Fenrir, the word echoed in his mind. The very same beast the Asgardians locked up (He's just a beast, feasting on chaos and misery...) long before he was born.
He lifted his hammer, but the All-Father was faster than him.
And met his end.
A hand was still hanging out from the monster's mouth when it turned, snarling at the challenger whom Thor could not see.
Two familiar voices roared behind him and steel sang as sword clashed on each other.
Loki and Heimdall was dancing around each other, out for blood, while the younger once-Asgardian was spating insults at the gatekeeper.
And then the Watcher lost his footing and fell, with Loki upon him. Neither of them rose again.
The world seemed to turn around Thor as the Iron Man screamed at him to move, before a flaming spear ran through his suit and the man inside, before it was devoured by something long and slimy.
Jormungard, the World Snake.
When Ragnarök rages, the monsters of your nightmares come out to play.
This will be the last one, he knew, as he smashed the beast's nose, feeling a poisonous fang making it's way into his arm. Another swing of Mjöllnir, and it lay dead.
Nine steps and so did he.
"Loptr! Loptr! Wake up already!" he yelled, basically blasting the door open. The wolf-dog hybrid snarled in surprise, but as soon as he realised who he was, calmed.
The smaller boy cracked an eyelid.
"Hloridi. What do you want?"
"It's time! It's time!"
"Time for what?"
"The Telling! Woden is going to tell the story of the Last Days and Ragnarök!"
"So? He tells it every year."
"But never quite the same way. He always adds something to it."
"Hence it is not the original story."
"Who cares?" he said, throwing clothes at his brother. "Hurry up."
"You're seventeen years old, brother, and yet as excited to hear about how the world ended once as a four year old child at his first telling."
"And you are fourteen, yet you act like an old man who heard it too much."
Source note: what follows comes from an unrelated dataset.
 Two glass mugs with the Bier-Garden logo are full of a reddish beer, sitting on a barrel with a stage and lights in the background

"Ten is nine times more than I would like. If I wanted to, I could tell it myself, right now. It starts with Odin, the wise-fool king took a baby from..."
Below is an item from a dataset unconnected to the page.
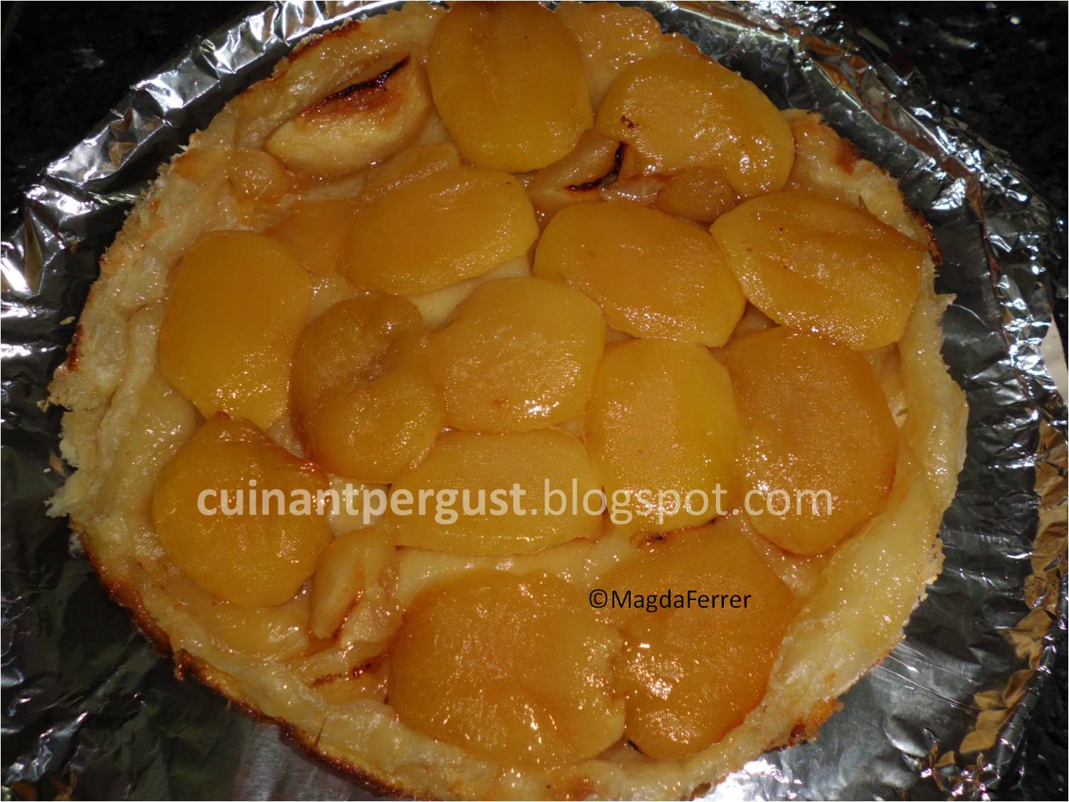 Ingredientes:4 ó 5 manzanasAzúcarMantequilla1 lámina de hojaldre1 huevoElaboración:Tarta Tatin una vez se le ha dado la vuelta

"Oh, shut up and get dressed or I'll leave you behind!"
Loptr laughed.
My apologies for this story, but it just wanted to get out from my head.
Loptr, Hloridi and Woden are the reincarnations of Loki, Thor and Odin. Fate did not find him fit to become their father once more adoptive or no.
I'm not entirely satisfied with it; I wanted to add more flashbacks. Oh, maybe I'll edite it later.
The letter Thor sent to Jane is nothing interesting, just some begging to come back, and so on.
Also... You know nothing, Jon Snow Thor!